Unlike Apple (AAPL), RIMM is not a notorious lowballer on guidance ... but with such an exposure to corporate customers (many of them financial) as they transition to a more balanced customer base (corporate versus consumer) I guess this was not too surprising. The stock is down 17% on initial glance in after hours. Again, the risk/reward is simply not in the bulls corner except in a few cases. And the same bulls who promised you a "second half 2008 recovery" will now tell you "never mind that guidance - the 1st half 2009 recovery is what you need to focus on" Remember the source of your info as you assimilate their repeated promises of nirvana just around the corner.
- BlackBerry maker Research in Motion Ltd. says its earnings for the latest quarter rose 72 percent. The results missed analyst expectations by a penny per share. RIM said Thursday it earned $495.5 million, or 86 cents per share, in the fiscal second quarter, which ended Aug. 30. That compared with net income of $287.7 million, 50 cents per share, in the same quarter last year
- RIM sold 6.1 million BlackBerrys in the quarter, short of the 6.3 million expected by RBC Capital Markets analyst Mike Abramsky.
- RIM said its profit expectations were based on a gross margin estimate of about 47%, below the 50.7% mark shown in the second quarter. (troubling - I'd like to hear more about why that is)
- It also said it added more than 2.5 million subscribers in its second quarter and that corporate clients are continuing to buy its smartphones despite the economic slowdown. (yes, but at the same pace?) "Our enterprise business remains strong and our momentum in the consumer marketplace continues as we head into the holiday buying season with an amazing product portfolio and solid marketing support from partners," co-CEO Jim Balsillie said in a statement.

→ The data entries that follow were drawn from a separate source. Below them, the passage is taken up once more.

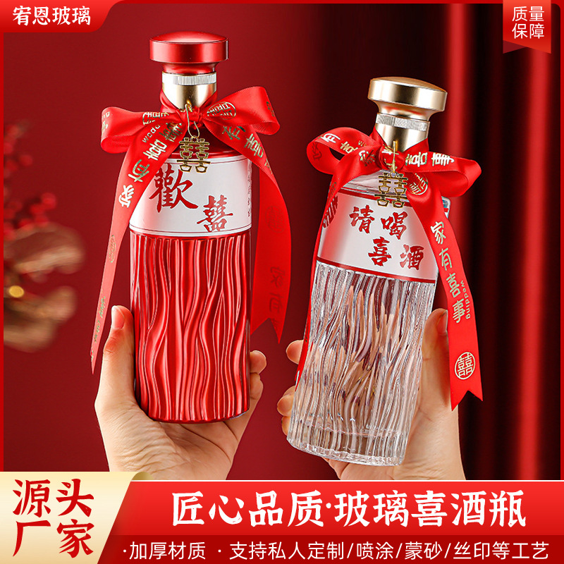 喜酒瓶ハイエンド披露宴瓶1斤入結婚酒瓶500mlハイエンドクリエイティブ喜酒瓶包装セット
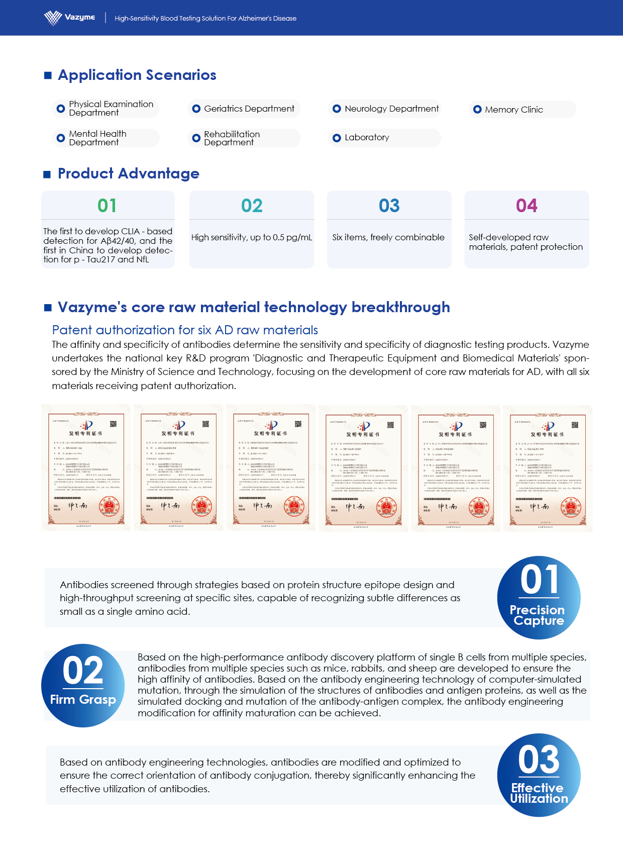 Building on this breakthrough, Vazyme leverages its innovation and technological strengths in AD detection to support early screening, diagnosis, and treatment. Our solution continues to turn these advances into practical impact, creating significant medical value in AD clinical research, large-scale community screening, and precision diagnostics.
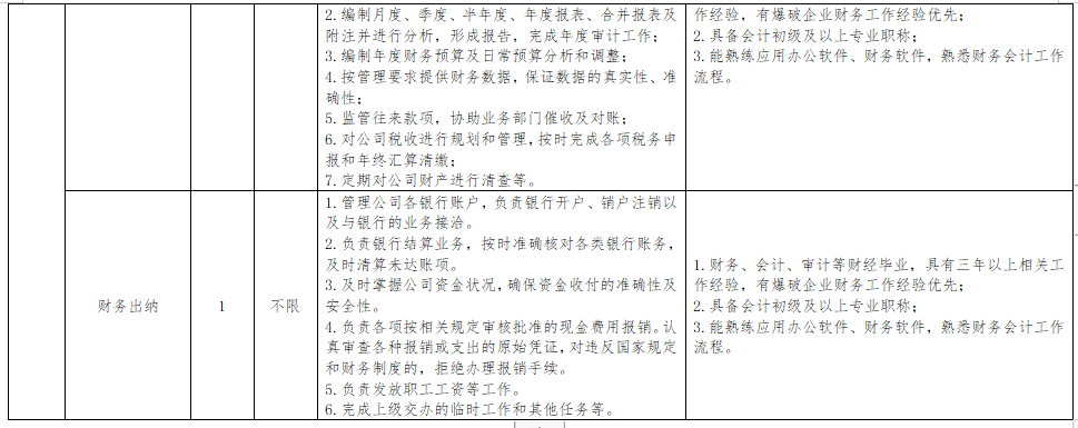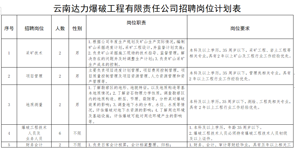 招聘岗位 招聘15个岗位,采矿技术2人,项目管理2人,地质测量2人,财务3人(出纳1人、会计2人),爆破工程技术人员、业务人员6人。

- There had been concern among analysts and investors that as the economic downturn takes hold, some of RIM's large corporate clients could scale back BlackBerry purchases and upgrades, hurting the company's performance.

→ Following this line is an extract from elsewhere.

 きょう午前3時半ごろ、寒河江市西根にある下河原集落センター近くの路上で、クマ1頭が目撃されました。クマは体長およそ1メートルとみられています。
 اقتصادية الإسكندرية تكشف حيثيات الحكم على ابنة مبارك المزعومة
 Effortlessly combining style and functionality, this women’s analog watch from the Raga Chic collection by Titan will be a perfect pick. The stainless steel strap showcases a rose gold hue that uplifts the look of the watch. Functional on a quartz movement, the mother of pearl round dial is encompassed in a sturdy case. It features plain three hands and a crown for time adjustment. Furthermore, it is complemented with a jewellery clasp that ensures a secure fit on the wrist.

Great company - great product line in the future - great results for almost any other company out there but expectations are high for Research in Motion. So for now this is only for very long term investors. Maybe they can petition to get on the no short list or something...

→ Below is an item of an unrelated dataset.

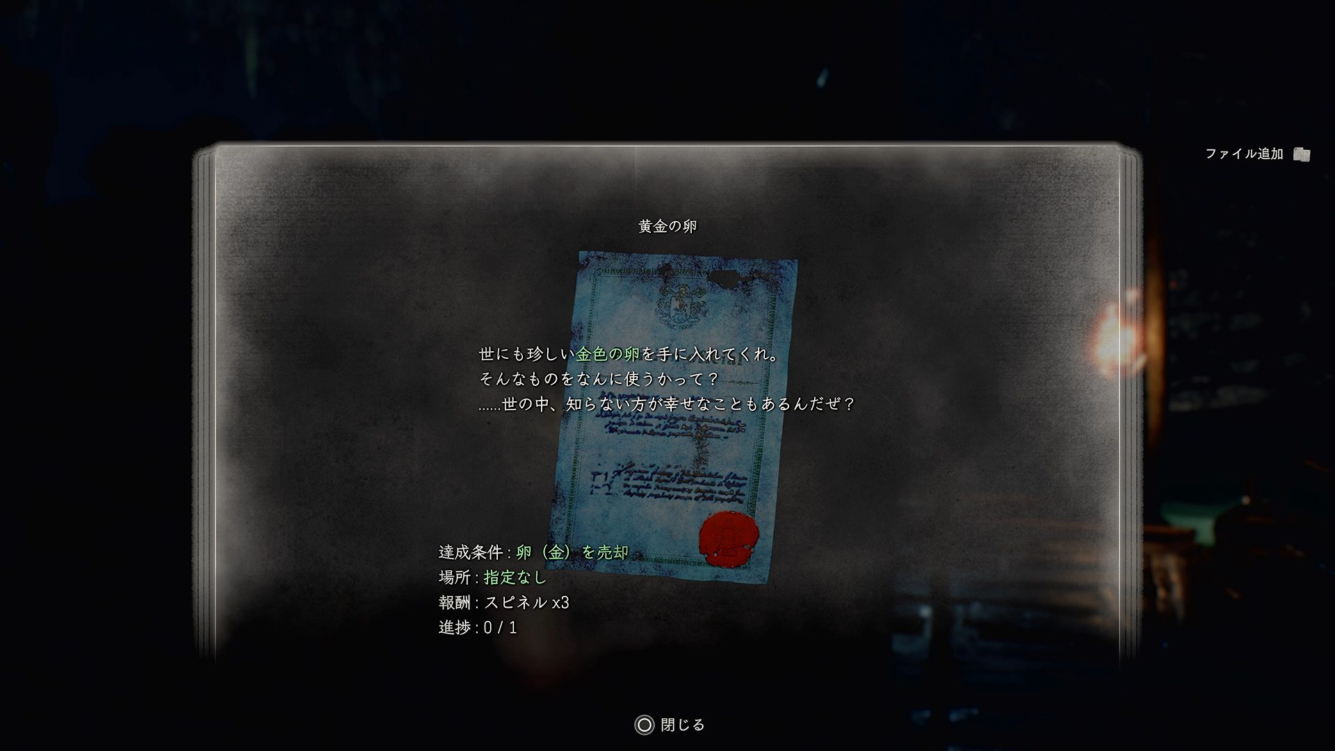 また、本作には「青い依頼書」というサブクエストが用意されている。その内容は「指定されたアイテムの売却」「指定されたエリアにある青いメダリオンの破壊」など、依頼書によってさまざま。依頼をこなすと報酬が手に入ることもあり、より美しく、そして恐ろしくなった舞台をすみずみまで探索するモチベーションの一助となっている。

We closed this position out last week in the $103s range.... the stock bottomed at $80 in the worst of it in January 2008. If that level is breached there are a lot of air pockets below - boy you might even be talking $60ish worst case. Currently it sits at $81 in after hours.
The risk reward in this market is simply not in bulls' favor, and missing out on days like today is fine with me with the carnage seen in a lot of individual stories. Hold onto your hats for this earnings season - should be a doozy.